Gregory W. Cofield v. Department of Defense

                           UNITED STATES OF AMERICA
                        MERIT SYSTEMS PROTECTION BOARD


     GREGORY W. COFIELD,                             DOCKET NUMBER
                  Appellant,                         SF-0752-14-0114-B-1

                  v.

     DEPARTMENT OF DEFENSE,                          DATE: December 2, 2015
                 Agency.



             THIS FINAL ORDER IS NONPRECEDENTIAL 1

           Gregory W. Cofield, Fairfield, California, pro se.

           Stacey Turner Stokes, Esquire, Fort Lee, Virginia, for the agency.

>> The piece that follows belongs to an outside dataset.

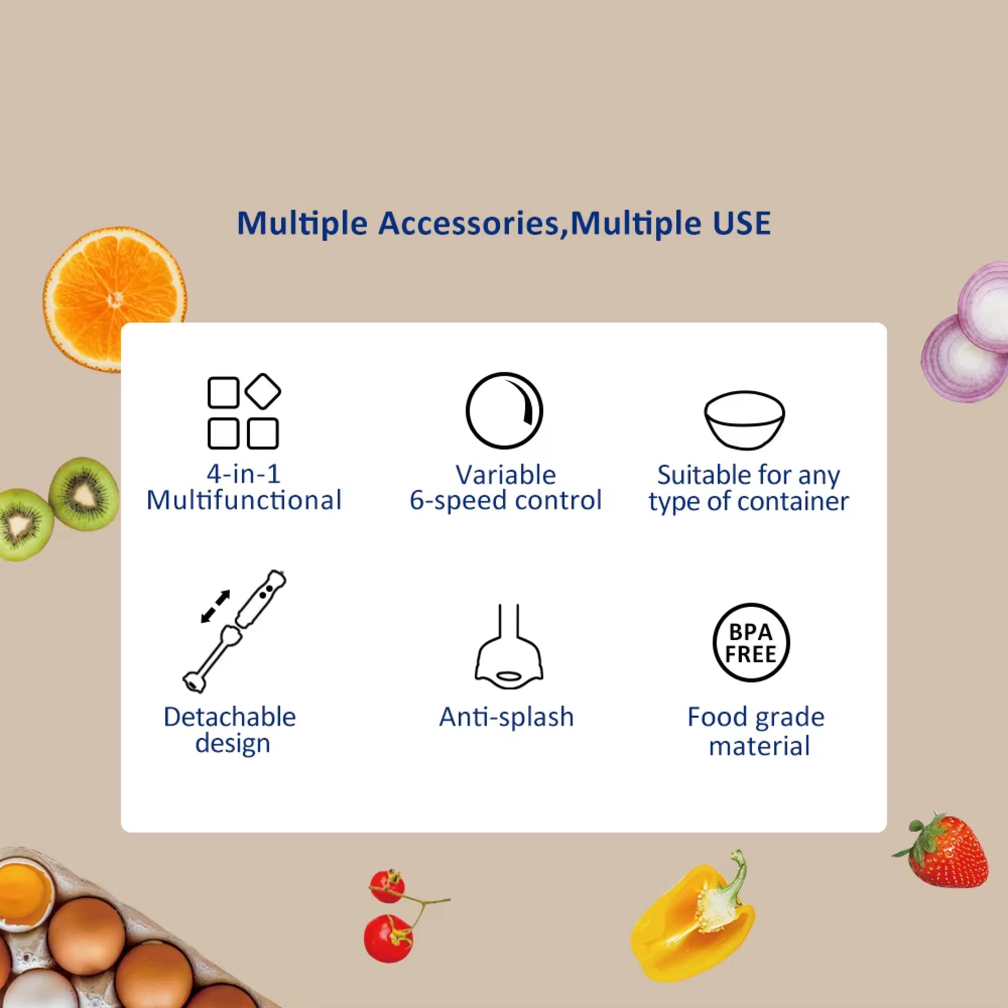 Simply turn the speed dial to select from six settings. Lower speeds work for gentle mixing, while higher speeds provide powerful blending for tougher ingredients.

                                           BEFORE

                              Susan Tsui Grundmann, Chairman
                                 Mark A. Robbins, Member


                                       FINAL ORDER

¶1         The appellant has filed a petition for review of the remand compliance
     initial decision, which denied his petition for enforcement of a settlement
     agreement resolving his removal appeal. Generally, we grant petitions such as
     this one only when: the initial decision contains erroneous findings of material
     fact; the initial decision is based on an erroneous interpretation of statute or

     1
        A nonprecedential order is one that the Board has determined does not add
     significantly to the body of MSPB case law. Parties may cite nonprecedential orders,
     but such orders have no precedential value; the Board and administrative judges are not
     required to follow or distinguish them in any future decisions. In contrast, a
     precedential decision issued as an Opinion and Order has been identified by the Board
     as significantly contributing to the Board’s case law. See 5 C.F.R. § 1201.117(c).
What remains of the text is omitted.